PDA - patent ductus arteriosus. This allows oxygen rich blood to transfer from the aorta (higher pressure) to the pulmonary artery (lower pressure). Characterized by a machine like murmur and an increased for heart failure if large and untreated. The flow inside the womb before the baby is born goes from the pulmonary artery to the aorta. The lungs do not need blood flow because they are nonfunctional.
75
What are characteristics of an innocent murmur in a young child? Signs of a pathologic murmur?

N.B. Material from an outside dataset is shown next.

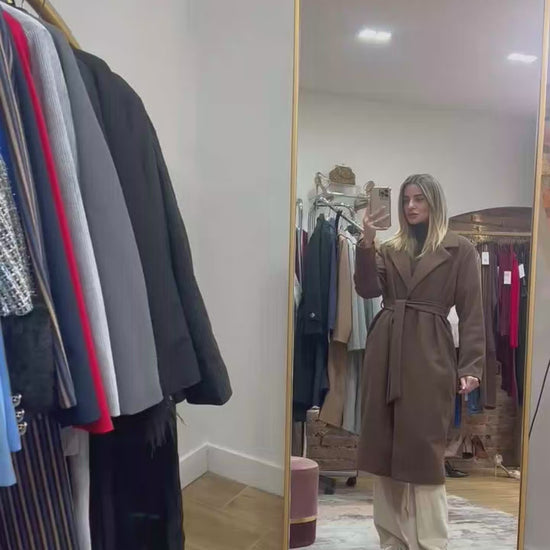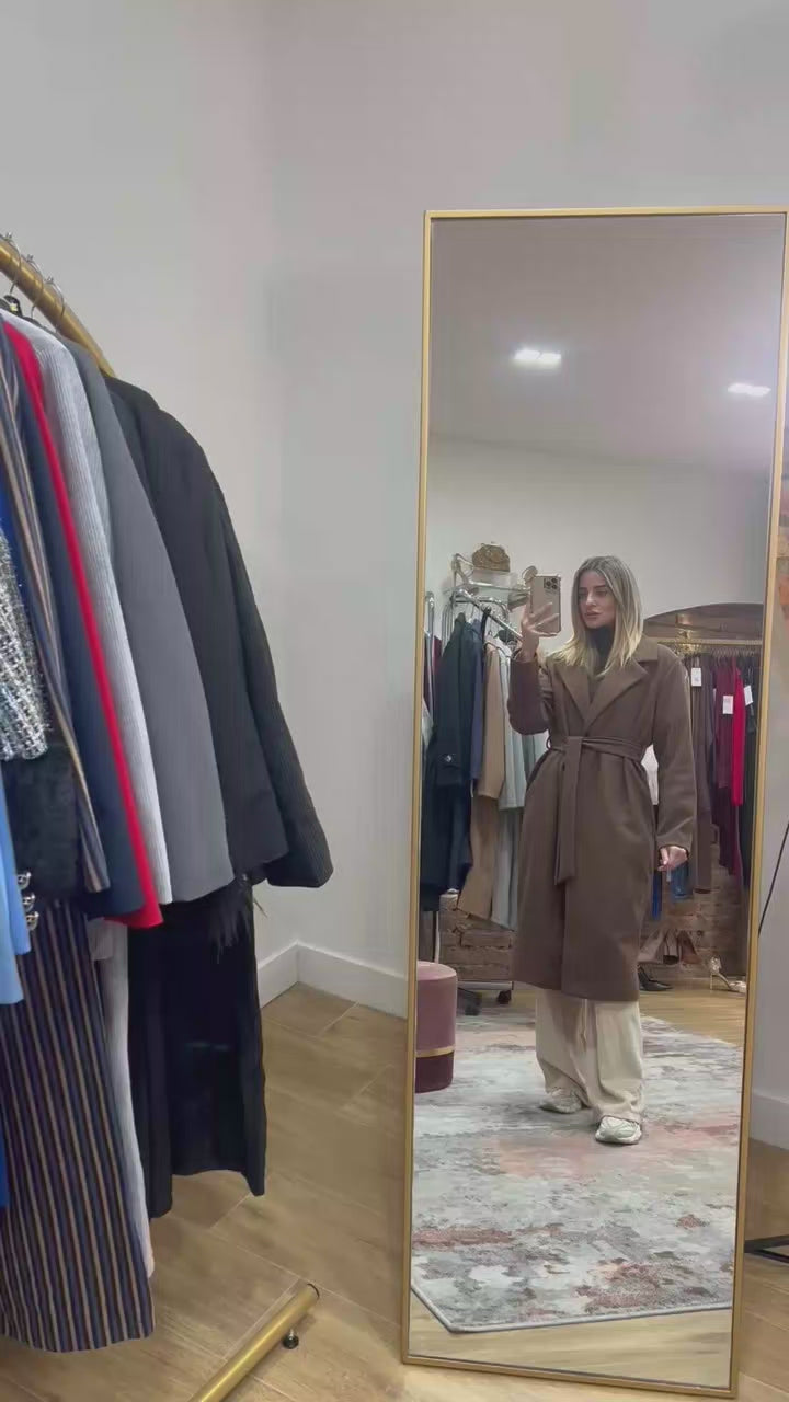 Cappotto in morbido panno colore tabacco, chiusura frontale con bottone

Innocent murmurs increase in intensity during activity, fever, activity, and anxiety. Pathologic - persistence during positional changes. Splitting of S2. Occurrence in patients with chromosomal trisomy
76
What antihypertensive medications are associated with ED? What medications can improve ED?
Diuretics, specially HCTZ, are associated with erectile dysfunction. Alpha blockers (Tamolusin and Doxazosin) can improve these symptoms.